_Your assignment_
Leaving out every picture, copy the lines of the data exactly, from the first through the line containing "and spatial disruption.".

_Excerpted data_
▬▬▬▬▬▬

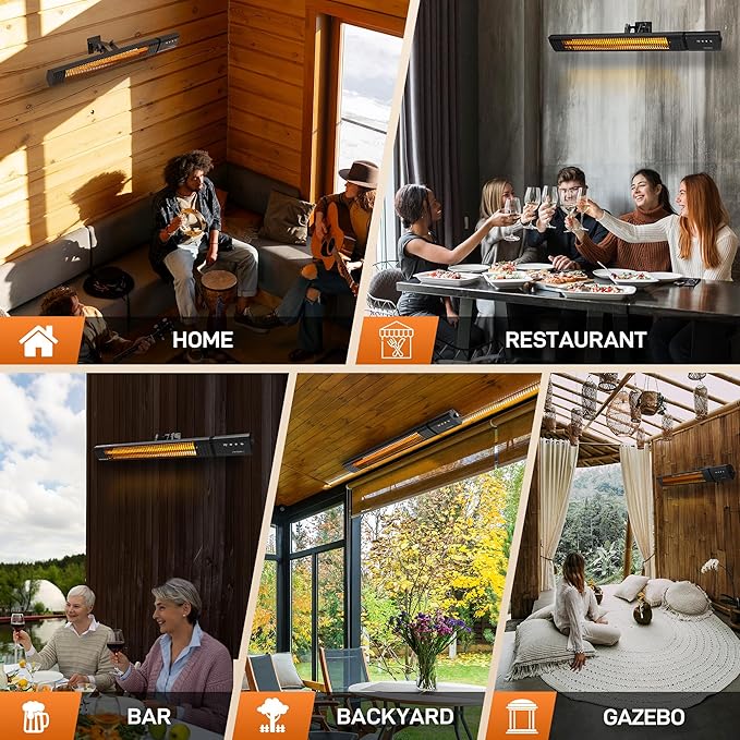 - Flexible Installation for Indoor and Outdoor Use Designed with wall-mounted convenience, this infrared heater easily adapts to any space—whether you're heating a backyard patio, restaurant terrace, home workshop, or garage. Its low-profile design and powerful performance make it a smart choice as a wall heater, electric heater, or space heater for indoor use. It’s perfect for both open-air areas and enclosed rooms.
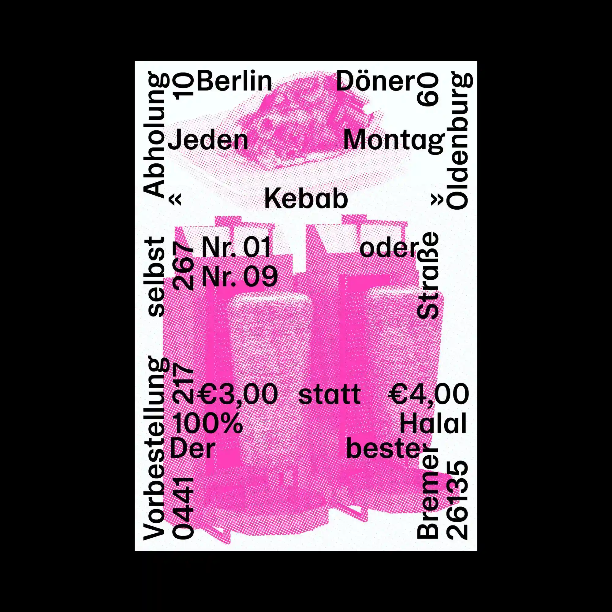 @khalitzburg | A halftone-rendered photographic image is overlaid with scattered typographic elements arranged in multiple orientations, creating a collage-like composition. The monochromatic pink texture contrasts with sharp black text, enhancing legibility while maintaining visual tension. Text blocks are rotated and positioned along the edges, breaking conventional reading flow and forming a perimeter-based layout. The composition balances image and typography through controlled overlap and spatial disruption.
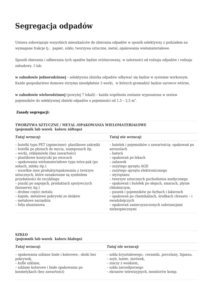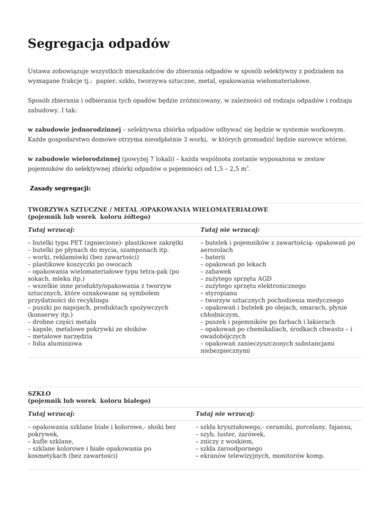 Segregacja odpadów Ustawa zobowiązuje wszystkich mieszkańców do zbierania odpadów w sposób selektywny z podziałem na wymagane frakcje tj.: papier, szkło, tworzywa sztuczne, metal, opakowania wielomateriałowe. Sposób zbierania i odbierania tych opadów będzie zróżnicowany, w zależności od rodzaju odpadów i rodzaju zabudowy. I tak: w zabudowie jednorodzinnej – selektywna zbiórka odpadów odbywać się będzie w systemie workowym. Każde gospodarstwo domowe otrzyma nieodpłatnie 3 worki, w których gromadzić będzie surowce wtórne, w zabudowie wielorodzinnej (powyżej 7 lokali) – każda wspólnota zostanie wyposażona w zestaw pojemników do selektywnej zbiórki odpadów o pojemności od 1,5 – 2,5 m3. Zasady segregacji: TWORZYWA SZTUCZNE / METAL /OPAKOWANIA WIELOMATERIAŁOWE (pojemnik lub worek koloru żółtego) Tutaj wrzucaj: Tutaj nie wrzucaj: – butelki typu PET (zgniecione)- plastikowe zakrętki – butelki po płynach do mycia, szamponach itp. – worki, reklamówki (bez zawartości) – plastikowe koszyczki po owocach – opakowania wielomateriałowe typu tetra-pak (po sokach, mleku itp.) – wszelkie inne produkty/opakowania z tworzyw sztucznych, które oznakowane są symbolem przydatności do recyklingu – puszki po napojach, produktach spożywczych (konserwy itp.) – drobne części metalu – kapsle, metalowe pokrywki ze słoików – metalowe narzędzia – folia aluminiowa – butelek i pojemników z zawartością- opakowań po aerozolach – baterii – opakowań po lekach – zabawek – zużytego sprzętu AGD – zużytego sprzętu elektronicznego – styropianu – tworzyw sztucznych pochodzenia medycznego – opakowań i butelek po olejach, smarach, płynie chłodniczym, – puszek i pojemników po farbach i lakierach – opakowań po chemikaliach, środkach chwasto – i owadobójczych – opakowań zanieczyszczonych substancjami niebezpiecznymi SZKŁO (pojemnik lub worek koloru białego) Tutaj wrzucaj: Tutaj nie wrzucaj: – opakowania szklane białe i kolorowe,- słoiki bez pokrywek, – kufle szklane, – szklane kolorowe i białe opakowania po kosmetykach (bez zawartości) – szkła kryształowego,- ceramiki, porcelany, fajansu, – szyb, luster, żarówek, – zniczy z woskiem, – szkła żaroodpornego – ekranów telewizyjnych, monitorów komp. PAPIER / TEKTURA (pojemnik lub worek koloru niebieskiego) Tutaj wrzucaj: Tutaj nie wrzucaj: – gazety, książki, zeszyty,- katalogi, ulotki, foldery, – torby i worki papierowe, – tekturę i kartony oraz opakowanie wykonane z tych surowców. – opakowań z zawartością np. żywnością, cementem,- kalki technicznej – brudnego i tłustego papieru, – pieluch jednorazowych, – tapet wapnem, ODPADY ULEGAJACE BIODEGRADACJI (pojemnik lub worek koloru brązowego) Tutaj wrzucaj: Tutaj nie wrzucaj: -trawa, liście- małe kawałki drewna, np. gałązki po przycinaniu drzew – kwiaty cięte i doniczkowe. Tutaj możesz wrzucać także: – resztki owoców i warzyw – skorupki po jajkach i orzechach – skórki po owocach i warzywach, -resztek ryb, wędlin, mięs, kości,- folii i reklamówek, – pampersów, tekstyliów, – papieru lakierowanego lub foliowanego, – zatłuszczonego i brudnego papieru – płynnych odpadów kuchennych, – odpadów higienicznych, leków, – kamieni, popiołu i żużlu, – odpadów niebiodegradowalnych Odpady biodegradowalane tj. resztki żywności, skoszona trawa, liście, chwasty, drobne gałęzie i inne odpady roślinne będzie można składować w przydomowym kompostowniku. Ponadto odpady te można zbierać w workach koloru brązowego i samodzielnie dostarczyć do GPZO w Poloniszu. Posegregowane odpady w workach będą odbierane raz na 2 miesiące. Szczegółowy harmonogram, a także sposób odbioru odpadów komunalnych zostanie podany do wiadomości w późniejszym terminie, po rozstrzygnięciu przetargu na odbiór odpadów komunalnych na terenie Gminy Babiak. W wyznaczonym dniu zapełnione worki należy wystawić przed posesję w dobrze widocznym i łatwo dostępnym miejscu, najpóźniej do godziny 7:00. Jeśli zdarzy się, że ktoś zapomni wystawić worki albo zrobi to zbyt późno, worki nie zostaną odebrane. W takim przypadku worki należy wystawić w następnym terminie wyznaczonym w harmonogramie lub dowieźć do Gminnego Punktu Zbiórki Odpadów w Poloniszu. W miarę możliwości worki należy zapełnić maksymalnie, nie powodując ich przepełnienia, tak aby była możliwość zawiązania worków. Wystawiamy tylko zapełnione worki, np. jeśli worek na makulaturę nie jest jeszcze zapełniony nie trzeba wystawiać go przy każdym odbiorze. Jedynie wtedy, kiedy się zapełni. Przedsiębiorca odbierając worki z surowcami wtórnymi, zostawi po jednym worku w takim kolorze w jakim zostały wystawione do odebrania, np. jeśli wystawimy worek żółty i niebieski, przedsiębiorca zostawi po jednym worku żółtym i niebieskim. Jeśli natomiast otrzymana ilość worków będzie niewystarczająca istnieje możliwość indywidualnego ich odbioru u Sołtysa lub w Urzędzie Gminy w Babiaku.
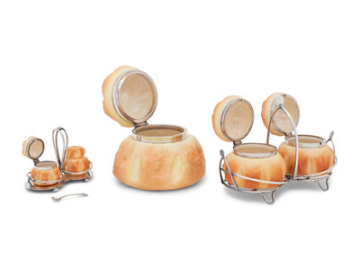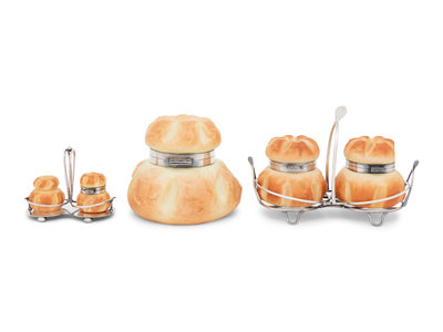 comprising a set of two jam jars in a silver-plate caddy, a pepper shaker and salt cellar with spoon in a silver-plate caddy and a hinged-lid jar; 5 items total.
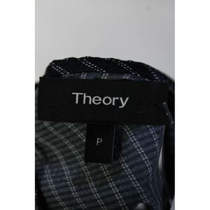 This Theory blouse offers a classic silhouette with a modern twist. Crafted from 100% silk in a striped design, the navy blue blouse features a V-neckline and sleeveless style, making it a perfect addition to your wardrobe. Sized as a petite small, this pre-owned blouse is in good condition and fits regularly, making it a versatile and stylish choice for any occasion.
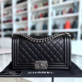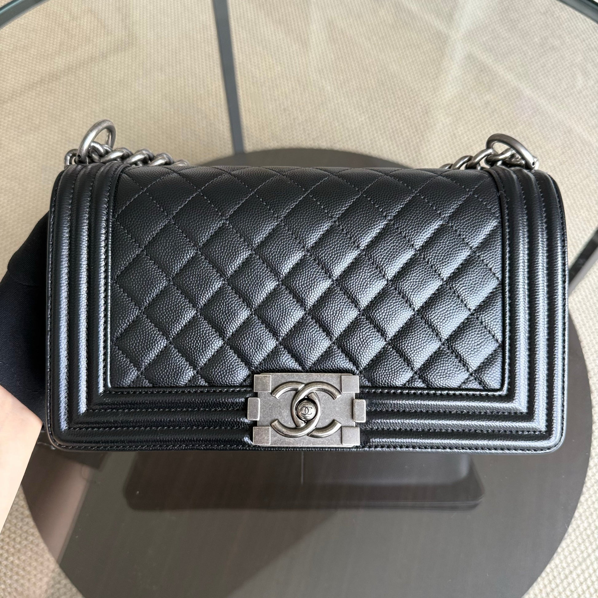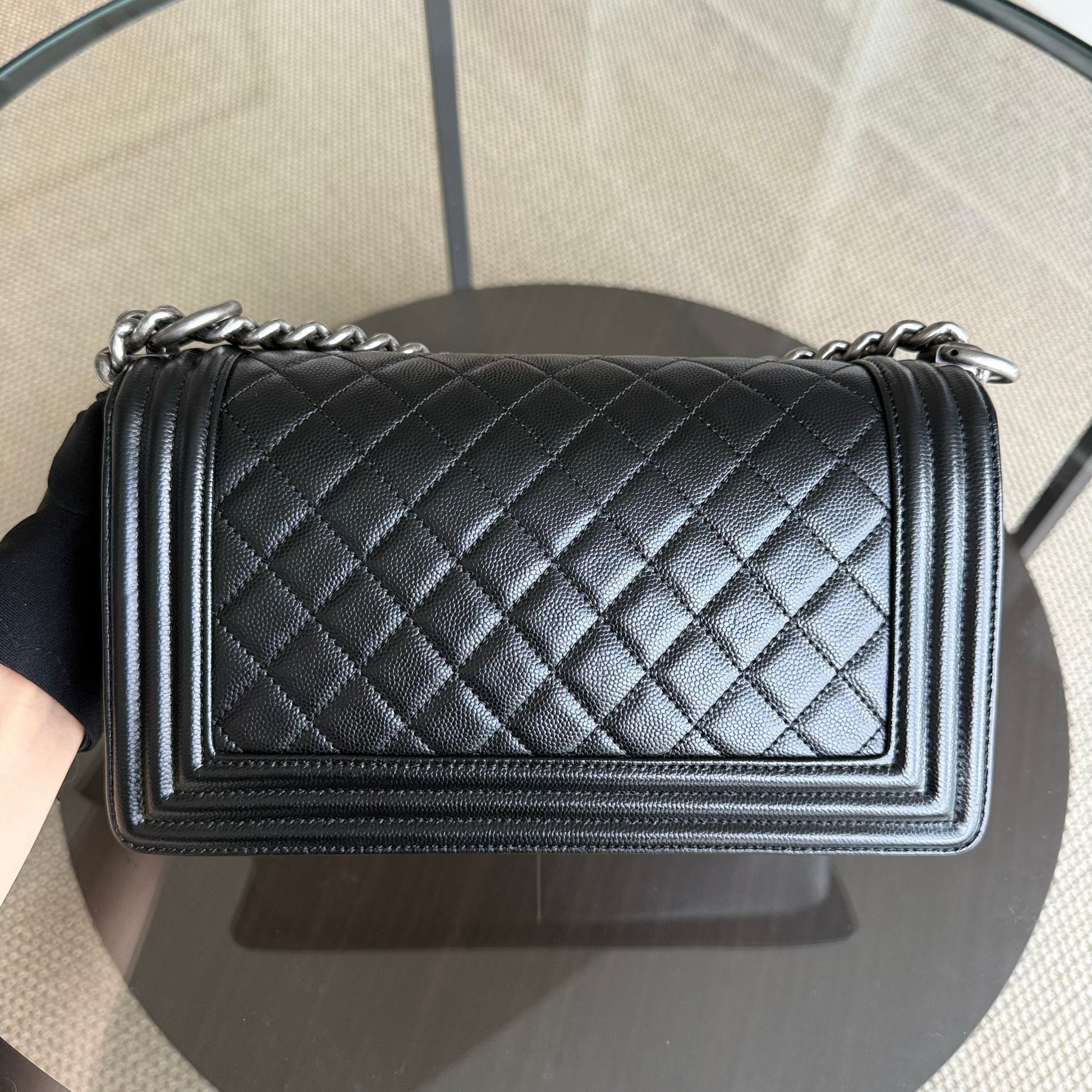 Chanel Boy Medium - Caviar 25CM Quilted Black Ruthenium Silver Hardware Series 25
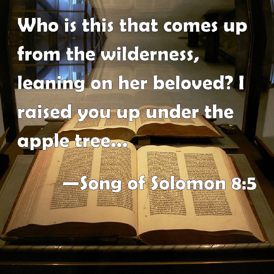 Choose a Background Song of Solomon 8:5 Who is this that comes up from the wilderness, leaning on her beloved? I raised you up under the apple tree: there your mother brought you forth: there she brought you forth that bore you. KJV: Who is this that cometh up from the wilderness, leaning upon her beloved? I raised thee up under the apple tree: there thy mother brought thee forth: there she brought thee forth that bare thee. DRB: Who is this that cometh up from the desert, flowing with delights, leaning upon her beloved? Under the apple tree I raised thee up: there thy mother was corrupted, there she was defloured that bore thee. DBT: Who is this that cometh up from the wilderness, Leaning upon her beloved? I awoke thee under the apple-tree: There thy mother brought thee forth; There she brought thee forth that bore thee. ERV: Who is this that cometh up from the wilderness, leaning upon her beloved? Under the apple tree I awakened thee: there thy mother was in travail with thee, there was she in travail that brought thee forth. WBT: Who is this that cometh up from the wilderness, leaning upon her beloved? I raised thee up under the apple-tree: there thy mother brought thee forth: there she brought thee forth that bore thee. WEB: Who is this who comes up from the wilderness, leaning on her beloved? Under the apple tree I aroused you. There your mother conceived you. There she was in labor and bore you. YLT: Who is this coming from the wilderness, Hasting herself for her beloved? Under the citron-tree I have waked thee, There did thy mother pledge thee, There she gave a pledge that bare thee.Links Song of Solomon 8:5 NIV • Song of Solomon 8:5 NLT • Song of Solomon 8:5 ESV • Song of Solomon 8:5 NASB • Song of Solomon 8:5 KJV • Song of Solomon 8:5 Interlinear • Song of Solomon 8:5 Commentaries • Song of Solomon 8:5 Parallel Texts • Song of Solomon 8:5 Bible Apps • Song of Solomon 8:5 Parallel • Bible Hub |
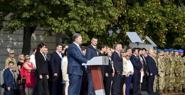 Глава держави повідомив, що сьогодні по завершенні урочистостей, прямо із Святої Софії вирушає до лінії фронту. «Вирушаю, щоб привітати із Днем Державного Прапора і з ювілеєм – 25-ю річницею нашої української Незалежності – тих, хто є головним гарантом нашої свободи, волі, демократії і державної самостійності. Сьогодні відбудеться передача у війська ще однієї величезної партії військової техніки та зброї», - сказав Петро Порошенко.

▬▬▬▬▬▬

_Answer space_
 - Flexible Installation for Indoor and Outdoor Use Designed with wall-mounted convenience, this infrared heater easily adapts to any space—whether you're heating a backyard patio, restaurant terrace, home workshop, or garage. Its low-profile design and powerful performance make it a smart choice as a wall heater, electric heater, or space heater for indoor use. It’s perfect for both open-air areas and enclosed rooms.
 @khalitzburg | A halftone-rendered photographic image is overlaid with scattered typographic elements arranged in multiple orientations, creating a collage-like composition. The monochromatic pink texture contrasts with sharp black text, enhancing legibility while maintaining visual tension. Text blocks are rotated and positioned along the edges, breaking conventional reading flow and forming a perimeter-based layout. The composition balances image and typography through controlled overlap and spatial disruption.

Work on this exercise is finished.